The gift and inheritance tax rate in Hungary ranges between 0% and 18%, mainly depending on the relationships with the recipients.
Hungary has no annual real estate tax, but real estate buyers pay the transfer tax of 4%. When buying a motor vehicle, new owners pay the registration tax between HUF 408 and 1,156 per hp. Passenger car owners pay an annual tax ranging between HUF 140.5 and 469 per hp.
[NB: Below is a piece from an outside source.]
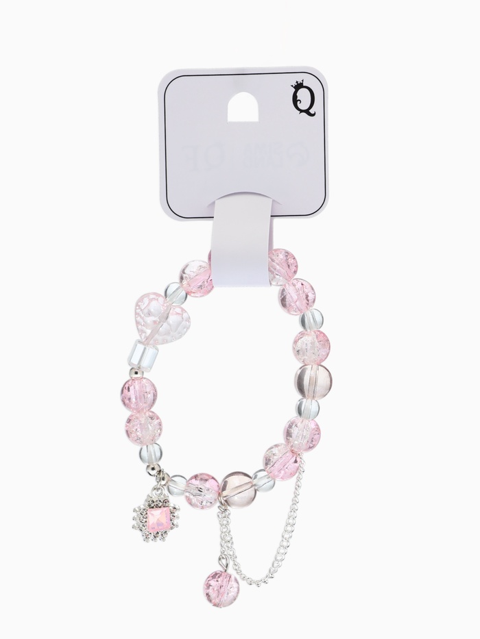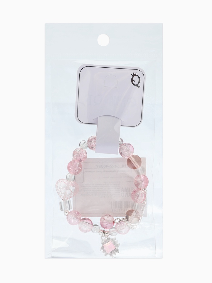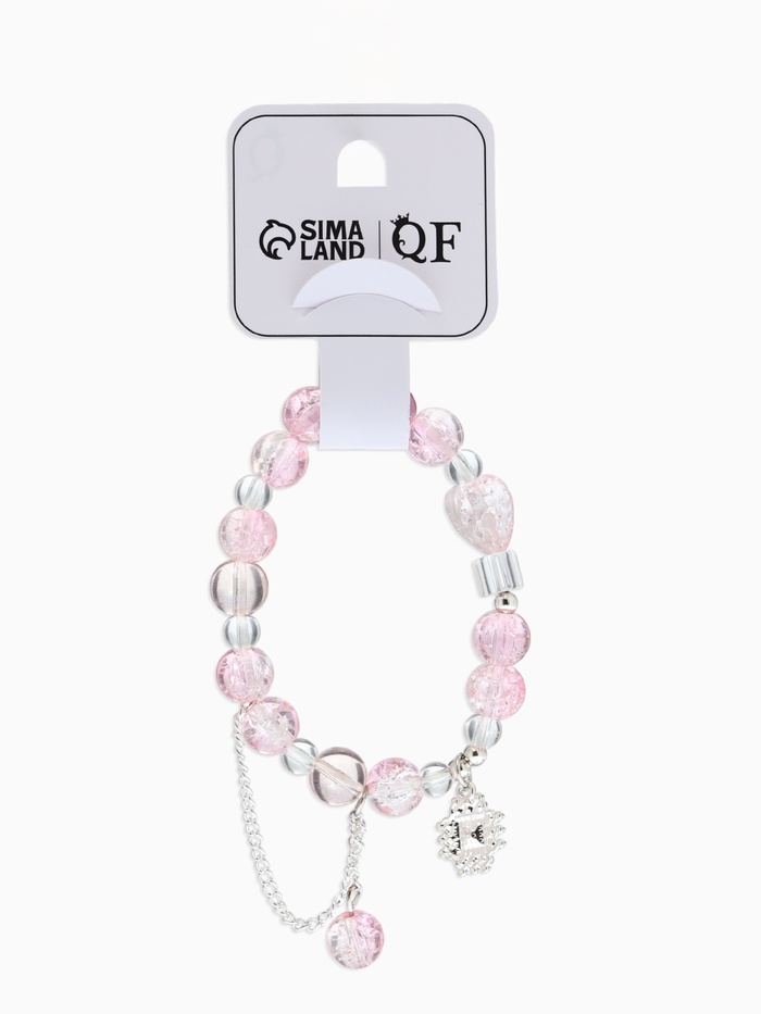 Браслет с подвесками "Сахарный" ромб, сердечко, шар №10, цвет бело-розовый в серебре

General VAT in Hungary is 27%, but reduced rates apply to some categories: 18% for food products like milk and bread and 5% for certain categories like medicine, medical equipment, books and magazines.
Companies with a turnover of less than HUF 12 million per year are exempt from VAT registration.
Companies in Hungary do not pay VAT on goods and services delivered to another VAT-registered company in Hungary or the EU.
An American citizen becomes a tax resident in Hungary if they spend at least 183 days in the country within a given tax year or if their centre of vital interests is in Hungary. Therefore, taxes for Americans in Hungary may include a 15% personal income tax on their worldwide income if they are considered tax residents in Hungary.
Other potential taxes include VAT on purchases, capital gains tax on the sale of property or investments, and social security contributions, depending on their employment situation.
Note that the US and Hungary no longer have a double taxation agreement. Thus, Americans in Hungary may face double taxation, impacting income sources like wages and dividends. This could also impact American companies’ tax liabilities in both countries.
Dual citizens of the US and Hungary are subject to tax laws in both countries. The US taxes its citizens on their worldwide income regardless of where they reside, while Hungary taxes its residents on their worldwide income. Additionally, the US and Hungary do not have a taxation treaty.
Thus, US citizens residing or doing business in Hungary are taxed per local law. However, this also means eligibility for favourable Hungarian tax regimes, benefits, and allowances.
Personal income tax, which is levied at a flat rate of 15%.